En el momento del allanamiento, el acusado estaba conectado a páginas de redes sociales a través de las cuales conectaba con chicas

Además de condenar a Manzo a la pena de 12 años de cárcel por “abuso sexual con acceso carnal por ser la víctima una menor de 13 años”, el TOC 2 ordenó decomisar todo el material informático secuestrado en la causa, cuyo análisis podría derivar en la apertura de nuevas causas. Hasta donde se sabe, este hombre no tiene otras denuncias pendientes, pero al momento de su captura tenía un cargo como suplente en la escuela de 4 y 62, en quinto grado de Educación Primaria, detalla el expediente.

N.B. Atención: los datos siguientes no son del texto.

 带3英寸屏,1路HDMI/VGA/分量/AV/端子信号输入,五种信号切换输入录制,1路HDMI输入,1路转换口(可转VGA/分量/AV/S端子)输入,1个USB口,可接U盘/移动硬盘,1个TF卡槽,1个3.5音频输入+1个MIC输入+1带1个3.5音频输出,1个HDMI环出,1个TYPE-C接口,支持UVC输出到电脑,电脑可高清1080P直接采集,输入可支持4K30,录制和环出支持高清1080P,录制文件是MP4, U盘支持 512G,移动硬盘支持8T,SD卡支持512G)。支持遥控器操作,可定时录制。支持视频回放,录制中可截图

A la hora de dictar sentencia, la juez Hoerr sólo valoró como atenuante la falta de antecedentes del docente y no así su “historia vital”, en referencia al crimen del padre de Jonatan. Hablamos de Eduardo Manzo, también docente y prefecto penitenciario de Olmos, quien en mayo de 2001 fue encontrado maniatado, con una bolsa en la cabeza y asesinado a golpes en el baúl de su auto, en Altos de San Lorenzo. Manzo se había separado de Laura Governatori, también penitenciaria, con quien había tenido dos hijos. Ella estaba de novia con Marcelo Hermida, otro guardia mucho más joven. En 2009, ambos fueron condenados a perpetua por el homicidio de Manzo y, según trascendió, ya recuperaron la libertad.

Retomando el caso de Jonatan, la jueza consideró como agravante la extensión del daño causado a la menor (a pedido del fiscal) y cuestionó la estrategia defensista de concentrarse en “el tema de la edad de (J.A), y que ésta le habría dicho a Manzo -en las conversaciones previas- que tenía 14 años”.

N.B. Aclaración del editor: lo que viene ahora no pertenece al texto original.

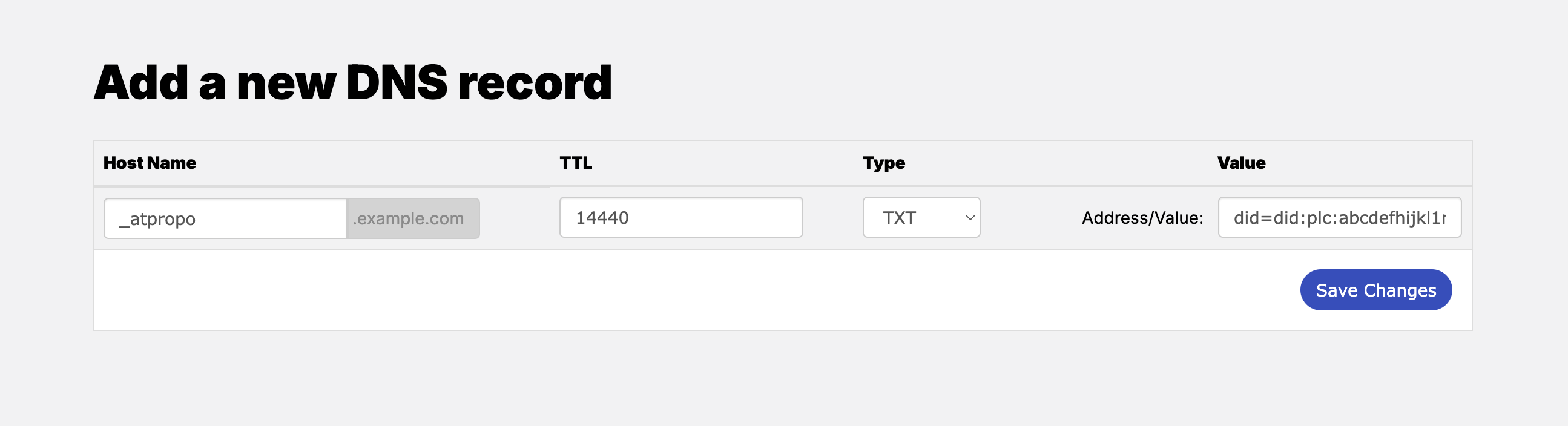 - Copy and paste the Host Name and Value from Bluesky.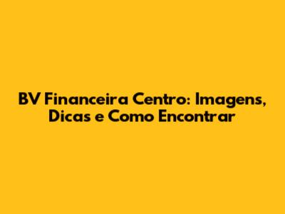 Como Encontrar a BV Financeira Centro?
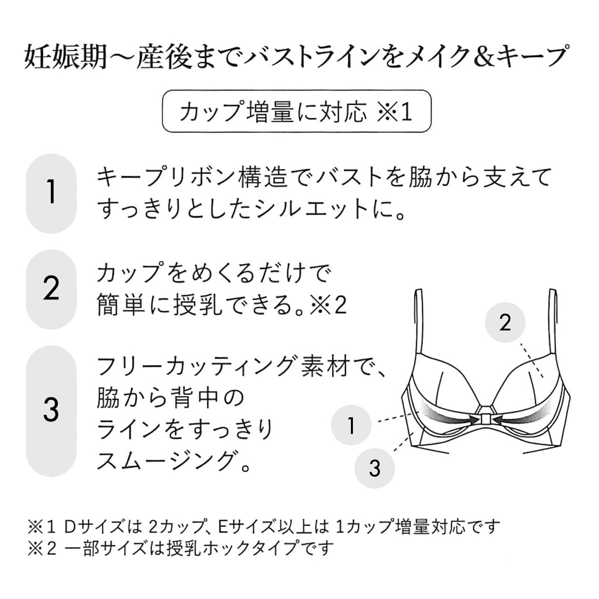 ※Dカップは2カップ増量対応です。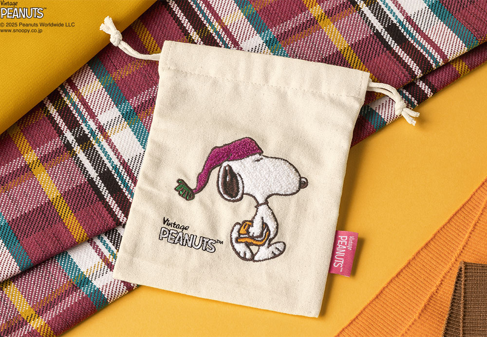 サガラ刺しゅうの「スヌーピー」がかわいいオリジナル巾着。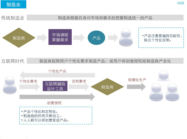 傳統(tǒng)的制造業(yè)都是封閉式生產(chǎn),由生產(chǎn)商決定生產(chǎn)何種商品。生產(chǎn)者與消費(fèi)者的角色是割裂的。但是在未來,互聯(lián)網(wǎng)會瓦解這種狀態(tài),未來將會由顧客全程參與到生產(chǎn)環(huán)節(jié)當(dāng)中,有用戶共同決策來制造他們想要的產(chǎn)品。也就是說,未來時代消費(fèi)者與生產(chǎn)者的界限會模糊起來,而同時傳統(tǒng)的經(jīng)濟(jì)理論面臨崩潰。這也是注定要誕生的C2B全新模式。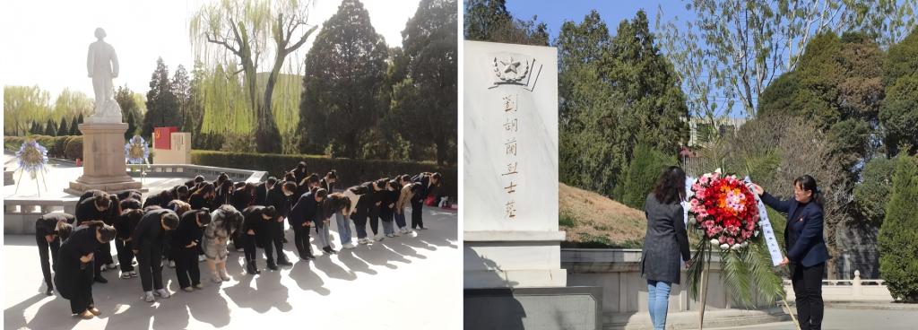 在刘胡兰烈士纪念碑前,全体师生列队肃立,怀着无比崇敬的心情向烈士鞠躬致敬,并敬献花篮,表达对烈士的深切哀思和崇高敬意。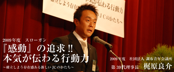 (社)調布青年会議所は、2010年10月に40周年を迎えます。そのためにも、39年目となる2009年度において価値ある積み重ねをしてゆきたい。45周年・50周年の調布JCを見据え、中長期的ビジョンの策定とその時代の調布JCを担う熱きJAYCEEの獲得と育成にも力を注いで参ります。そして、素晴らしい仲間たちと「本気」が伝わる言葉で夢を語り合い、ともに動きまわる年度にしてゆきたい。

“La interpretación actual de los tipos penales de abuso sexual deber ser efectuada a la luz de los avances en lo que se refiere a perspectiva de género, o de perspectiva de la niñez y ello nos lleva a dejar de aplicar ideas propias de épocas pasadas donde se le exigía a la mujer una suerte de ‘cruzada’ para demostrar su negativa, hoy por hoy con la negativa es suficiente”, argumentó. Tampoco pasó por alto que la víctima de este caso es “una niña de 12 años, que era su primera vez, que estaba asustada, a quien le hacen borrar las conversaciones previas, apagar el celular y como consecuencia de ello perder contacto con su madre y familiares”.

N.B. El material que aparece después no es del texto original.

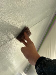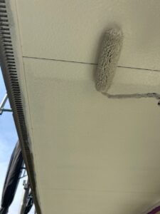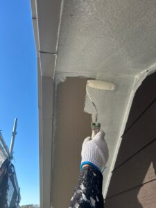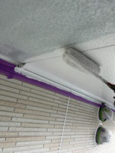 軒天塗装は下塗り後、スカイフレッシュ2回塗りの計3工程で仕上げていきます。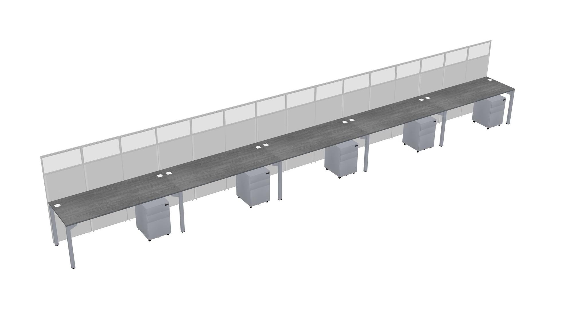 Grey Shared Rectangular Office Cubicle Panel System With Mobile Drawers For 5 Persons

“Para aclarar aún más el tema, propongo el siguiente interrogante”, expuso la jueza, “¿es exigible siempre que esa comunicación sea verbal?, o ¿puede una mujer comunicar su negativa mediante actos inequívocamente externos?” Y planteó “otro interrogante: ¿Existe un símbolo externo de sufrimiento que supere las lágrimas que caen de dolor?”